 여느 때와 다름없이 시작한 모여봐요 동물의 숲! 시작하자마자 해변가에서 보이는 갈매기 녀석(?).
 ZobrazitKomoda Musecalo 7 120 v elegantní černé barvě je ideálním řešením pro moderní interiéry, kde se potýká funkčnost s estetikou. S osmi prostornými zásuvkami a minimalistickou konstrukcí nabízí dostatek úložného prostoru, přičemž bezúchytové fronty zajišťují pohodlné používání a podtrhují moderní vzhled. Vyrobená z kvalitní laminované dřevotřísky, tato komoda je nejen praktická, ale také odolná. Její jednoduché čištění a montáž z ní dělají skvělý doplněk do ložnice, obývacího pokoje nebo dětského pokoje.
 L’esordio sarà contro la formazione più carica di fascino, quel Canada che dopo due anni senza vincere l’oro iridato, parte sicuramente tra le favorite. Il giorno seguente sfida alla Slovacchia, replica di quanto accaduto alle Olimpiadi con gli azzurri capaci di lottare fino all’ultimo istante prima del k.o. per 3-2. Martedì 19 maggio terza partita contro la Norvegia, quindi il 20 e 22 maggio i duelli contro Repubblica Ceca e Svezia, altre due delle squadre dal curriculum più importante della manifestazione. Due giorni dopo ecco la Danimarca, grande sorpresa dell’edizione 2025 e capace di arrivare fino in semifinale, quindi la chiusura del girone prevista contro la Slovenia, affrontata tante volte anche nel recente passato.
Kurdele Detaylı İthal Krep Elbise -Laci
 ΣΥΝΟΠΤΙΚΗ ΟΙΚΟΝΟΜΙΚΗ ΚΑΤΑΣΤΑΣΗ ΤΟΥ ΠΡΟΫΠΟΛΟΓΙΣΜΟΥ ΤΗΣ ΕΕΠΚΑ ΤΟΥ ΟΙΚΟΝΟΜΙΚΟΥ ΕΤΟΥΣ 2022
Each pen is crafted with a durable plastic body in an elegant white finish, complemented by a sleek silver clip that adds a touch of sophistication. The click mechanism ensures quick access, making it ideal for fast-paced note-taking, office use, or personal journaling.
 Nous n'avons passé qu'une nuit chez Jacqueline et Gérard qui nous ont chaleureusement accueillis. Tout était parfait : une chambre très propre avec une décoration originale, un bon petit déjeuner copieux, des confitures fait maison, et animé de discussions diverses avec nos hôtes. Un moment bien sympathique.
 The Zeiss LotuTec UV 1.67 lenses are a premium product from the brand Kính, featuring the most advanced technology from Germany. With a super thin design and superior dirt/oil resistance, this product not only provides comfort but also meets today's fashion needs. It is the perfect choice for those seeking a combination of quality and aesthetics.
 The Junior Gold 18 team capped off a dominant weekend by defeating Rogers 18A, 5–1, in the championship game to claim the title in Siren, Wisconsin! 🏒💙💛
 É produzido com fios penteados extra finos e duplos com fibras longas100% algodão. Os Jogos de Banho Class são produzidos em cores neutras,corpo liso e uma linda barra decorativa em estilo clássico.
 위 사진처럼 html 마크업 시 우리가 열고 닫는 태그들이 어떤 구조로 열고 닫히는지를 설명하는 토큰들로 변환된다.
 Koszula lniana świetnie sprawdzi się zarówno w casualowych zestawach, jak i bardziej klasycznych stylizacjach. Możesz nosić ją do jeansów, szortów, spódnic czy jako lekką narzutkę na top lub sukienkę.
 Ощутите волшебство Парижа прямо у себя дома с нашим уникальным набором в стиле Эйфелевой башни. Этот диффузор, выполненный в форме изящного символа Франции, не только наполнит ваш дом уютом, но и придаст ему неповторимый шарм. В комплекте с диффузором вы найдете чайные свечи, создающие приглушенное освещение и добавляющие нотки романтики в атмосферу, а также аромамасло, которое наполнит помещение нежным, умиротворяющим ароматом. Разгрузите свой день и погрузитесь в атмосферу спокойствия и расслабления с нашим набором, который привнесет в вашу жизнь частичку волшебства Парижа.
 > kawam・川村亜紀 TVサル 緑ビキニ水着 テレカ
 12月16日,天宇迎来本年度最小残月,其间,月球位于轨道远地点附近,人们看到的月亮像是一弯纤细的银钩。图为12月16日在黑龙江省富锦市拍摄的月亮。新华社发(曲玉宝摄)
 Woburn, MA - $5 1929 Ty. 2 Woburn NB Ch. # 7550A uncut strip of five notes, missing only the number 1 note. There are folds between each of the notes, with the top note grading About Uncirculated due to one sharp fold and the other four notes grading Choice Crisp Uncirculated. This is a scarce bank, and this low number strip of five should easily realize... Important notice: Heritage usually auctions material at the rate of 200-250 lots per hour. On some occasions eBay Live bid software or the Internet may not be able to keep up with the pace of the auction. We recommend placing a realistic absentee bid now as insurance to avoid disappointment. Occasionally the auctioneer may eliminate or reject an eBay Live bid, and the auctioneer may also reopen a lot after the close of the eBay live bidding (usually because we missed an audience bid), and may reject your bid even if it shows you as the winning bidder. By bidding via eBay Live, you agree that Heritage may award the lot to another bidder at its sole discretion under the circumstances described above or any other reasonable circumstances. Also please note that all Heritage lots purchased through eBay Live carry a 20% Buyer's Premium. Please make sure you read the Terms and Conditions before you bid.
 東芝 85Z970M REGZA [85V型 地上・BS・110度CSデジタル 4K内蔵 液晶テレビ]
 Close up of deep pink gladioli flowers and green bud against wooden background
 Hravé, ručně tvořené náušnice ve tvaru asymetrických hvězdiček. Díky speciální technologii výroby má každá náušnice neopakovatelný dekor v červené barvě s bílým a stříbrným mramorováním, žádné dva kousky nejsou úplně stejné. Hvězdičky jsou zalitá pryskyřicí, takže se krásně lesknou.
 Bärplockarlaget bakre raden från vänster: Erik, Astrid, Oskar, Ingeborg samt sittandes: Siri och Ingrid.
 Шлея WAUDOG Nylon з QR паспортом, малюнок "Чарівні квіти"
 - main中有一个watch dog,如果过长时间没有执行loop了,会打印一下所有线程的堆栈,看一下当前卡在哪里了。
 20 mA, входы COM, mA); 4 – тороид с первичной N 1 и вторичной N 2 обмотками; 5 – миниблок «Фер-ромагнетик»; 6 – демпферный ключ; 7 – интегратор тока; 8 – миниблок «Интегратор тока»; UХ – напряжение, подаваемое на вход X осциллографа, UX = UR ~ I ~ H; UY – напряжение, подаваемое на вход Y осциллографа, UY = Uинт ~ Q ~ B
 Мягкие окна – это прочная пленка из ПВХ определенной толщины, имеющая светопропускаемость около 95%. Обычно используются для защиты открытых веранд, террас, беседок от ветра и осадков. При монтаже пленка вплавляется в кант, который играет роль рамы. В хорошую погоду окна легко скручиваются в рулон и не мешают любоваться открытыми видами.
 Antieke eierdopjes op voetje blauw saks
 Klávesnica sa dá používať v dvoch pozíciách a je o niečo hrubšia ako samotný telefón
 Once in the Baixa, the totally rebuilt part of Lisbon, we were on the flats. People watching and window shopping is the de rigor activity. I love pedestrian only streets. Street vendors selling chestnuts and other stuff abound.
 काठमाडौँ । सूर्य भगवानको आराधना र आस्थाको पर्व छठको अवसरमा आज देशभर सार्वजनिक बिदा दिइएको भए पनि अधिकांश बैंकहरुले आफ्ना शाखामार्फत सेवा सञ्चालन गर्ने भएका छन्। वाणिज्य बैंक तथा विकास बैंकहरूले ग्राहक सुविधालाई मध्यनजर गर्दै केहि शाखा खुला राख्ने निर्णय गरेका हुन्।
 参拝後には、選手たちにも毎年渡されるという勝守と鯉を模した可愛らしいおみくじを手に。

#### What the task requires:
Reproduce exactly the lines of the records above from the one with "Bärplockarlaget bakre raden" to the one with "- main中有一个watch dog,如果过长时间没有执行loop了,会打印一下所有线程的堆栈,看一下当前卡在哪里了。", both included, and leave out everything else.

#### Solution:
 Bärplockarlaget bakre raden från vänster: Erik, Astrid, Oskar, Ingeborg samt sittandes: Siri och Ingrid.
 Шлея WAUDOG Nylon з QR паспортом, малюнок "Чарівні квіти"
 - main中有一个watch dog,如果过长时间没有执行loop了,会打印一下所有线程的堆栈,看一下当前卡在哪里了。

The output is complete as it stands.